NaNoWriMo started last Thursday. I didn’t sign up until about 4pm that day because I was undecided until then if I was even going to do it. You see, I’m currently editing a novel, but I’ve always wanted to join in with NaNo, so I decided I would just do both! So, I signed up and I did that days word count before the end of the day. As you can imagine, being short notice and still getting my word count in, that got me really motivated. It was a real thrill. And the NaNo site has a graph so you can see your word count going up every day and if it is where it is expected to be for that day. I love this graph. I need one of these graphs in my life at any time I’m writing a novel!
The reason I was able to write those words so easily? Because I had been umming and ahhing about doing NaNo and had drafted a partial synopsis (I’m a plotter) so I did have something ready to go. It’s not the best synopsis I’ve ever written, in fact it’s pretty bare, but it is the bones of the idea and is enough to have kicked me off and to have kept me going so far. Yesterday was day 6 and I finished on 11,000 words. 1,000 ahead of target. I like to get ahead when I can because it gives me some cushioning for the days I know will creep up on me when I’m going to struggle. So, I won’t take it easy today just because I can, I’ll keep adding that cushioning, ready for when I’ll need it.

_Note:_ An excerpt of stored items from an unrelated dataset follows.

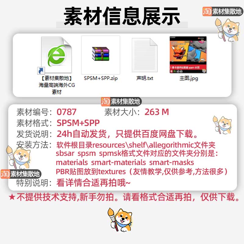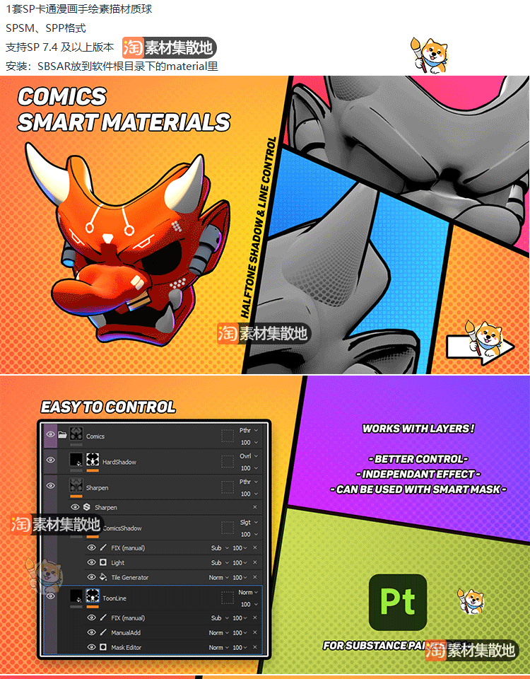 1套substance painter/SP/Pt卡通手绘素描spsm只能材质球spp文件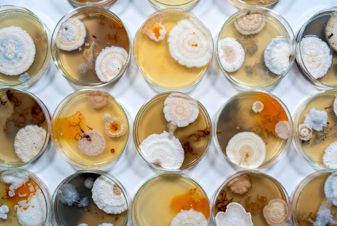 agar medium, agar plate, bacteria culture, biological sample, brown colonies, closeup, colony growth, coral-like, dish array, fungal colonies, fungus, lab sample, laboratory, macro view, microbiology, mold growth, mushrooms, orange colonies, petri dishes, research sample, science, spore culture, textured fungus, white colonies, yellow colonies, petri dish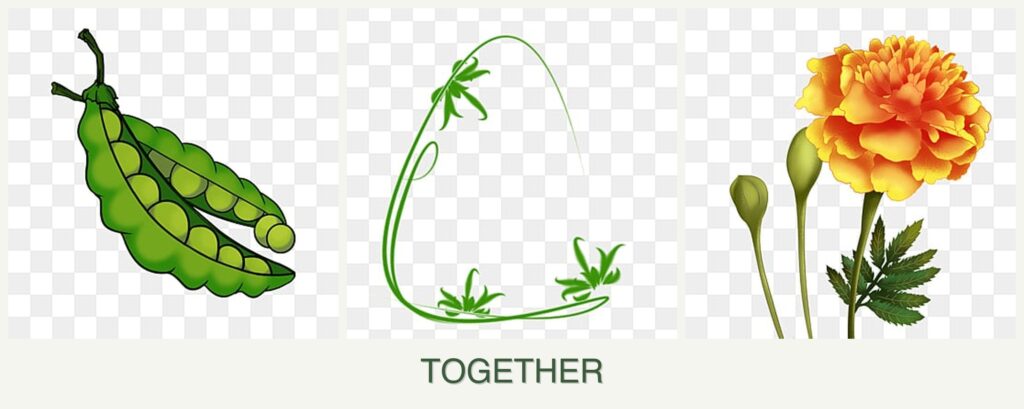 Nutrient Needs and Spacing: Peas are nitrogen-fixers, enriching the soil for tarragon and marigolds. Adequate spacing ensures each plant has room to grow without competing for resources.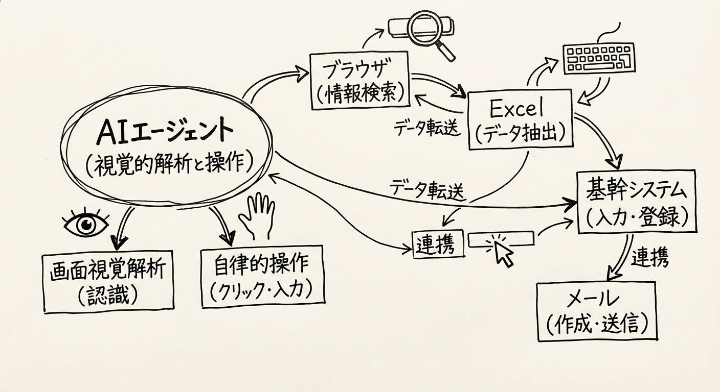 図1: GPT-5.4がPCのGUI画面を視覚的に解析し、複数のアプリケーションを跨いだ業務フローを自律的に実行するアーキテクチャ

How can I write the amount of words I’m writing if I’m ill? you might be asking. Well, after many many months trying to figure this out myself I have finally found a routine that works for me and it works really well. And that is working in 15-minute bursts. That way I’m not in agony when I finish and I can go and rest when I’m done. When I first started doing this I was writing about 250-300 words in 15 minutes. Now I can write between 5-600 words per 15 minutes. That’s 2,000 words in an hour. Four very small separate writing sessions. They really don’t feel like you’ve done any work at all. And so long as you’re a plotter and know what you’re going to write, then the session itself is reasonably easy.
As I mentioned, I have another project on the go. I haven’t worked on it for the past six days as I’ve got myself into a NaNo rhythm but tomorrow I am going to pick it back up again. Tomorrow I start working on both projects at once. It’s half a book that needs tightening up before I can progress with the second half. I’ve run through it once already. Tomorrow I read through it to see how it reads now and make some notes and I’ll go from there.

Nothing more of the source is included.